**TASK OBJECTIVE**
Here is the task for the listing below: output exactly the lines from the one containing "Il festival Teatro" through the one containing "Paesaggio. Foresta verde", and leave out the pictures.

**DATA FOR THE TASK**
=== Begin Enclosure ===

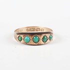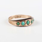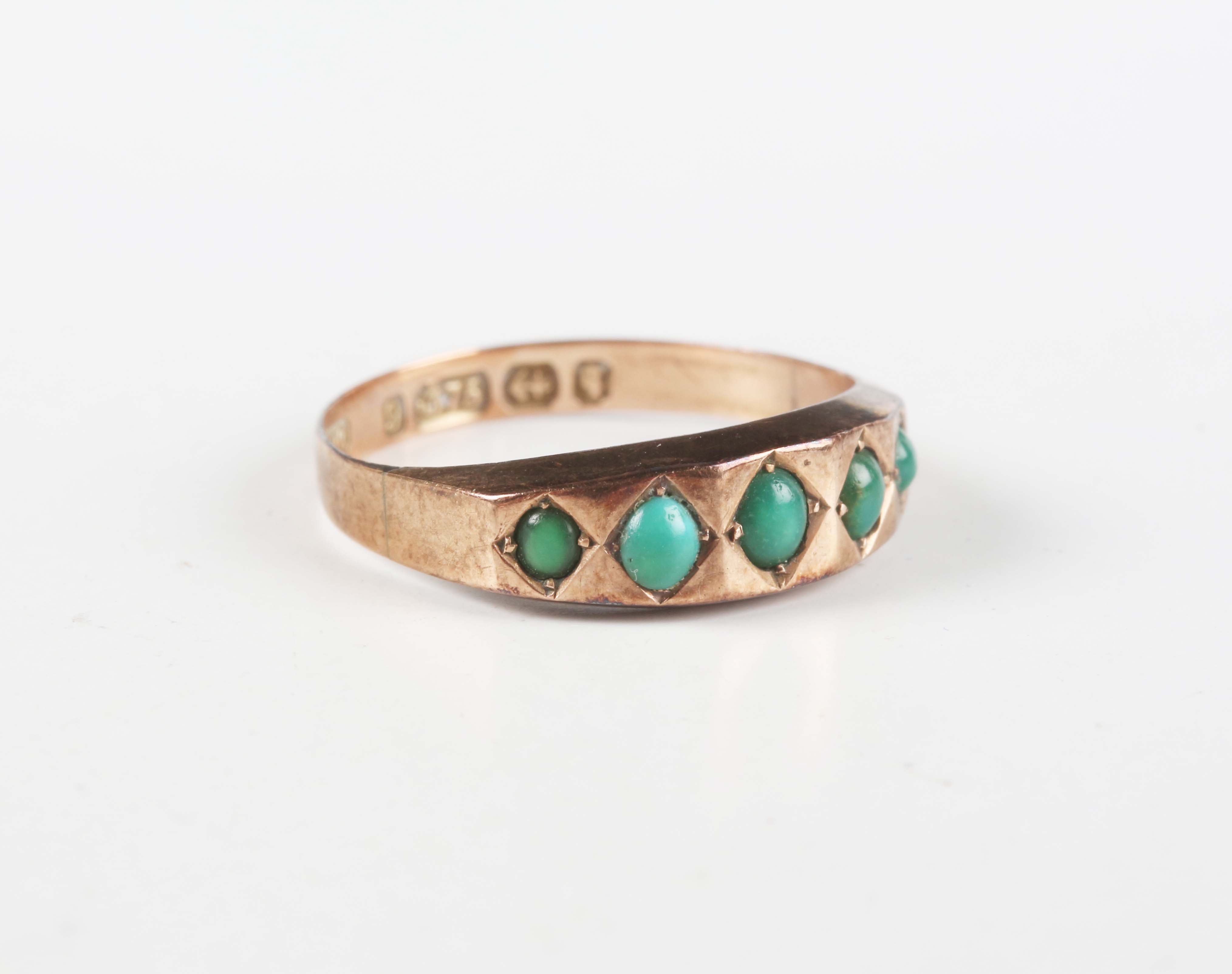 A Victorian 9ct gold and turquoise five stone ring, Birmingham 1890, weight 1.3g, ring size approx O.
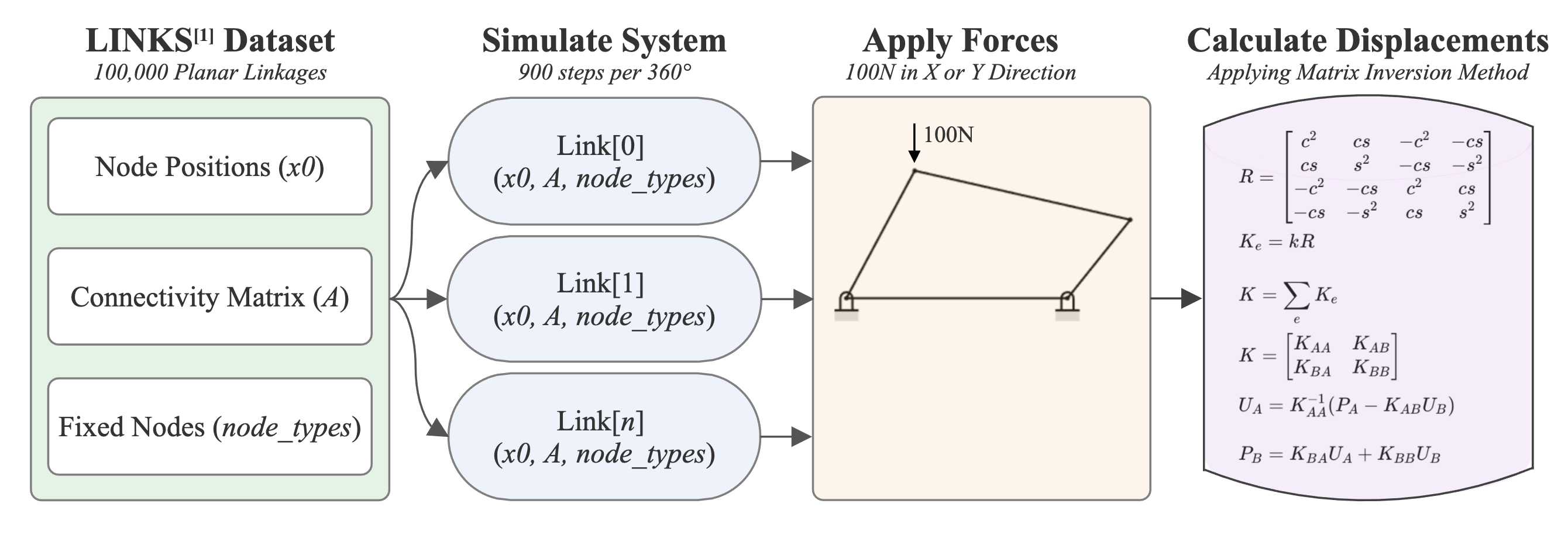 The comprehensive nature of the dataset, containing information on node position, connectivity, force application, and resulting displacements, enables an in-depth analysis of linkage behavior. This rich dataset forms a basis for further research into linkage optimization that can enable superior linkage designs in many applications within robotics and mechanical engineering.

=== End Enclosure ===
=== Begin Enclosure ===

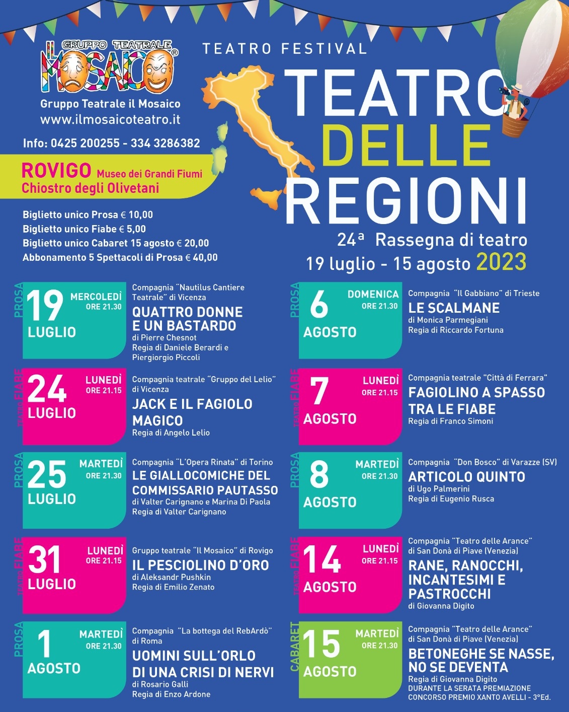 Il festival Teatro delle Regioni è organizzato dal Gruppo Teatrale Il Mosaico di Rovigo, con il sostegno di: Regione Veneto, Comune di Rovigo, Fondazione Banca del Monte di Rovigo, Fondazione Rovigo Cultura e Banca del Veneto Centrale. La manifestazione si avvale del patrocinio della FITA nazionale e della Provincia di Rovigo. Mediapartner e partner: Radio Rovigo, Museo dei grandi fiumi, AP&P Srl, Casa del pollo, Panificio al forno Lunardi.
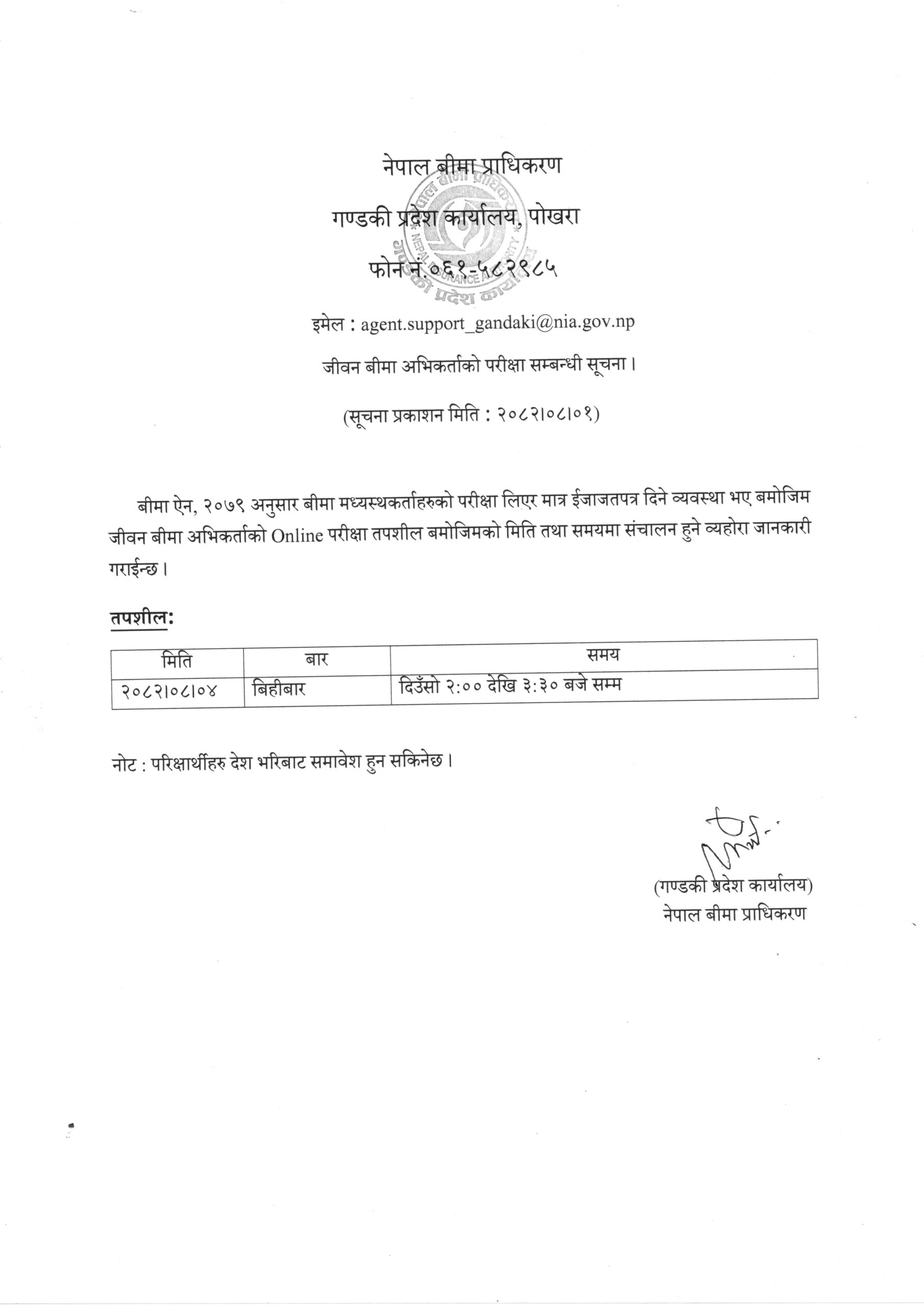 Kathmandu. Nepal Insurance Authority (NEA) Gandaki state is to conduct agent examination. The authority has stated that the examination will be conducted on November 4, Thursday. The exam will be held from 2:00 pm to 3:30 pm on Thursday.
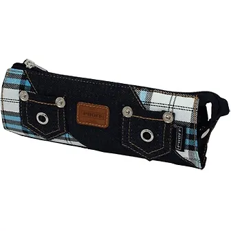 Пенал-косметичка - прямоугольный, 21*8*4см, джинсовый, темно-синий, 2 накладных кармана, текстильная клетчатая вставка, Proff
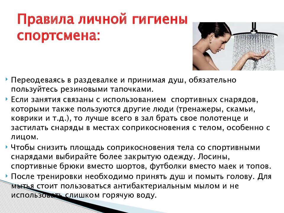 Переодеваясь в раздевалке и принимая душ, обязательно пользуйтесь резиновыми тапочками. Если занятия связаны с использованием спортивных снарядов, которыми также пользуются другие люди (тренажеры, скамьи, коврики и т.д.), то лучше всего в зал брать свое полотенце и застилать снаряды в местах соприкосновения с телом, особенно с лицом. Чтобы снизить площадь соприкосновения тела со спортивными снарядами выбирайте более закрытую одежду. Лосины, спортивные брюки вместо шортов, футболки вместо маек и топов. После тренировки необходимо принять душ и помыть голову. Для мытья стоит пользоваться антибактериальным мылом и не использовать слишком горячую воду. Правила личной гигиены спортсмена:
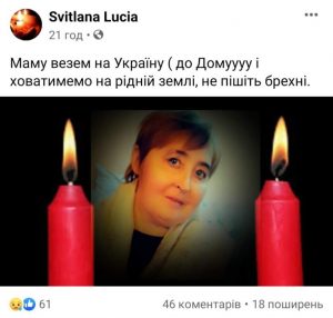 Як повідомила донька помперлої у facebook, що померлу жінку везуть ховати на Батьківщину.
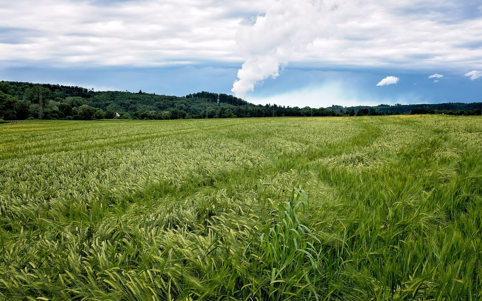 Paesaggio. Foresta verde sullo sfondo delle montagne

=== End Enclosure ===
=== Begin Enclosure ===

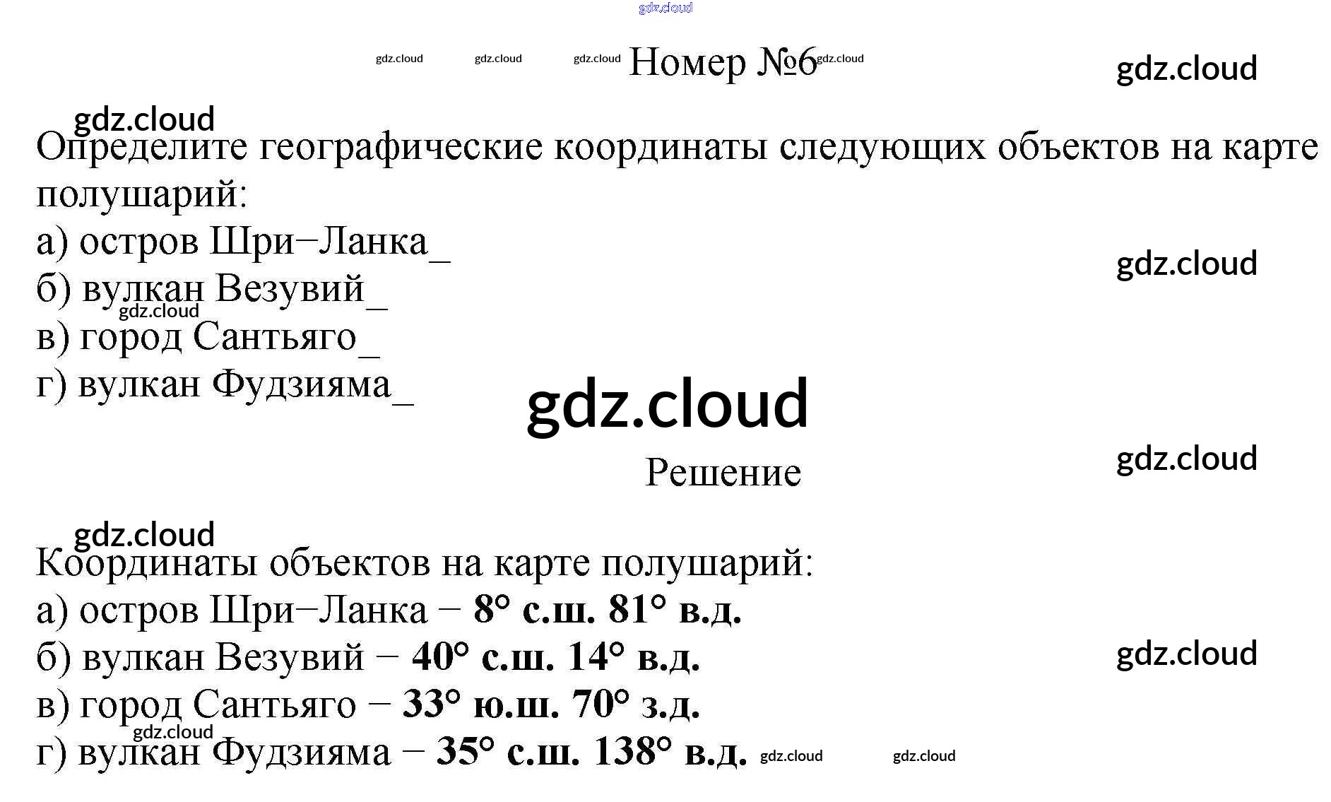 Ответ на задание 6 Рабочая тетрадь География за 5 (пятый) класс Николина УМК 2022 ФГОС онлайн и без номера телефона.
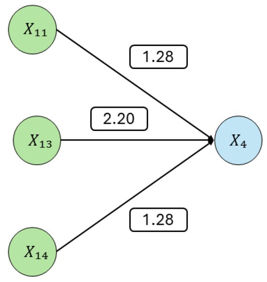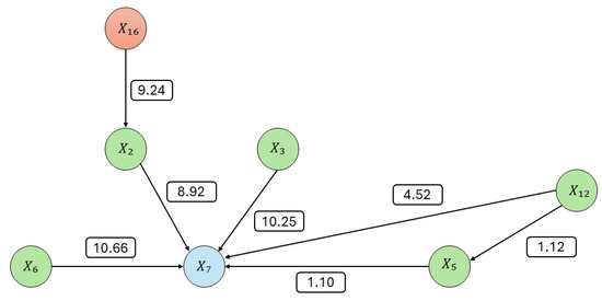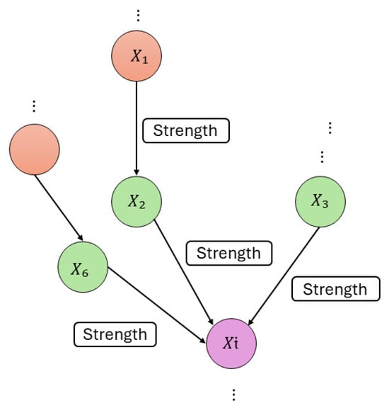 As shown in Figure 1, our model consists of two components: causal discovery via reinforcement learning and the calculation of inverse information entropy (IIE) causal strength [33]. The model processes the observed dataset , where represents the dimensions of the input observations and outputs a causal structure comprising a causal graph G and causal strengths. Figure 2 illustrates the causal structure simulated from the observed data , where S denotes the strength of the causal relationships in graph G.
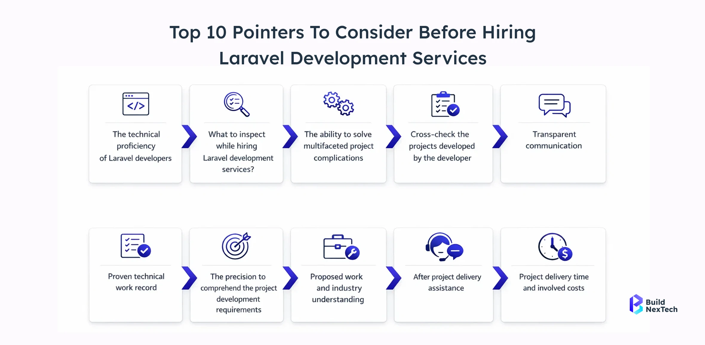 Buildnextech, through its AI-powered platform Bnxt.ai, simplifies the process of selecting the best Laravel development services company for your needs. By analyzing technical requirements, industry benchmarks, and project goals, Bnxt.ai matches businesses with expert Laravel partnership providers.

=== End Enclosure ===

**ANSWER SECTION**
 Il festival Teatro delle Regioni è organizzato dal Gruppo Teatrale Il Mosaico di Rovigo, con il sostegno di: Regione Veneto, Comune di Rovigo, Fondazione Banca del Monte di Rovigo, Fondazione Rovigo Cultura e Banca del Veneto Centrale. La manifestazione si avvale del patrocinio della FITA nazionale e della Provincia di Rovigo. Mediapartner e partner: Radio Rovigo, Museo dei grandi fiumi, AP&P Srl, Casa del pollo, Panificio al forno Lunardi.
 Kathmandu. Nepal Insurance Authority (NEA) Gandaki state is to conduct agent examination. The authority has stated that the examination will be conducted on November 4, Thursday. The exam will be held from 2:00 pm to 3:30 pm on Thursday.
 Пенал-косметичка - прямоугольный, 21*8*4см, джинсовый, темно-синий, 2 накладных кармана, текстильная клетчатая вставка, Proff
 Переодеваясь в раздевалке и принимая душ, обязательно пользуйтесь резиновыми тапочками. Если занятия связаны с использованием спортивных снарядов, которыми также пользуются другие люди (тренажеры, скамьи, коврики и т.д.), то лучше всего в зал брать свое полотенце и застилать снаряды в местах соприкосновения с телом, особенно с лицом. Чтобы снизить площадь соприкосновения тела со спортивными снарядами выбирайте более закрытую одежду. Лосины, спортивные брюки вместо шортов, футболки вместо маек и топов. После тренировки необходимо принять душ и помыть голову. Для мытья стоит пользоваться антибактериальным мылом и не использовать слишком горячую воду. Правила личной гигиены спортсмена:
 Як повідомила донька помперлої у facebook, що померлу жінку везуть ховати на Батьківщину.
 Paesaggio. Foresta verde sullo sfondo delle montagne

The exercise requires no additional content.